But one time when the "rooter's bus" returned from a football game in a nearby town, all the kids were lined up at the one and only phone booth at school to call parents to come pick them up. When My turn came, dad answered the phone.

"Joe's Beanery!" he merrily chimed, "What can I get ya?"
"Dad, just cut it out and come pick me up."
"Don't know who this 'dad' fella is. We got baked beans, lima beans, navy beans, pinto beans," and he kept going! "Which beans ya want, lady?"
Kids behind me were getting impatient and telling me to hurry up.
"Dad! Just come get me at the school!"
"Lady, I'm tellin' ya, this is Joe's Beanery! We got. . ." and he proceeded to list even MORE beans.

Kids were now banging on the walls of the phone booth. I was mortified. Finally I just said, "Come get me at the school, PLEASE?!" and hung up.

Since we were always under strict orders not to play jokes like that on the phone because someone might be calling about police work, I never knew how he could tell it was me calling. After all, there was no caller ID, no separate ring tone, heck we just barely had rotary phones and only one line in the house.

I survived the humiliation, though, and got back at him later by answering the phone, "Abby's Mortuary! You stab 'em, we slab 'em!
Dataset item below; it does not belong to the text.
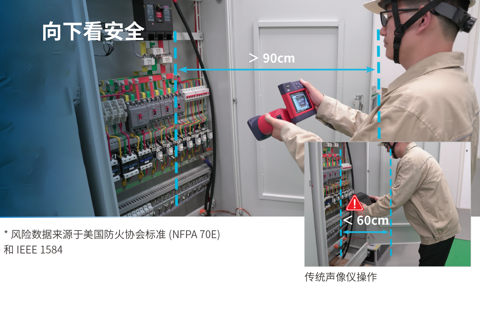 FOTRIC Flex 支持远距观察贴地部件,无需贴近带电区,有效降低电弧爆闪暴露等级,减少 PPE 穿戴负担。

Some go to heaven some go to. . . hello?"

Oh, yeah, he was County Coroner, too!

My father was the police captain in the small town where I grew up. After I turned 16 and was driving, the one and only time I was late making curfew, he called the police station and had the officers on duty look for my car. The first one that saw me stopped me and told me "Your father says you were supposed to be home at 11". The friends in the car with me at the time, who forever after teased me about having a whole police force of babysitters.

How generous of you!! Unfortunately, the only embarrassing thing I can think of happened in front of strangers. We camped a lot in the hot Southwest, and when we were hiking, Mom would take her shirt off as soon as the number of footprints on the trail petered out, but someone as hardy as my fam always came whipping around a curve and caught her in her bra. Ooo, I thought of one--the same darling Mom used to dance around and sing preschool songs, didn't care who was visiting!!
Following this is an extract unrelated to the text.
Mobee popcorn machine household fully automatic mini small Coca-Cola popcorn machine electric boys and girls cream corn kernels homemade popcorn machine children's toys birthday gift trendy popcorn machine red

I have had such a fabulous belly laugh reading through all these stories!

After these hilarious scenes, my mother's penchant for interpretive dance and my father's delight on saying embarrassing things no longer seem so remarkable. So I think I'll keep that dirty laundry (mostly) in the closet and just enjoy everyone else's stories, ha ha!

Congratulations on the cover pattern, by the way.

Since I can think until now my father loves to wear these very short jeans-shorts with leather-sandals and socks.
This is the most embarrassing thing my father did and still does. I believe that there were more embarrassing things my parents did, but I can't remember at the moment. There must be a reason, why I can't remember.

My dad was janitor during my high school years, guess in which high school. There's many anecdotes, way too many, but my favorite that time when we went on a school trip and my dad took aside to each and everione of the boys, teachers included, and pointing at me from a never too long distance, remind them that I was his daughter, and that he will make sure of getting their balls remouved if they dare to aproach me.
Eventually a boy aproached me and became my boyfriend, and my dad gave him a piece of his mind too, but he didn't speak any Spanish, and besides, it didn't stoped him. That was nearly 18 years ago :)

Ohh, crikey. I was going to say it was the fact that my Mum dressed me in the whole street's hand-me-downs for my entire childhood - and given that the clothes were from the mid-to-late seventies, and my childhood spanned the whole of the 80's, that was quite a bad fashion clash. And no, I had no school uniform at that time.

Then I remembered my Dad. The time he poked a hole in the end of black trash bag to wear because he had no rain coat, and ran through the holiday park with his head sticking out (but not his arms), looking like a giant, bedraggled condom-mascot. The time he 'celebrated' a little too hard after a sports win, and his motorbike took off without him at a junction, leaving him sitting on the ground. The time he drank too much, and peed on an electric fence. The trouble is that the stories stay, even if I wasn't there to witness the incident...

So nice of you, Marnie, and such fun to read these stories! My dad loved to tell everyone - including new boyfriends as I got older - about a mole that I have on my backside. Personally, I never understood the fascination, but no matter the current conversation, he would manage to turn it around so it seemed a natural topic to bring up.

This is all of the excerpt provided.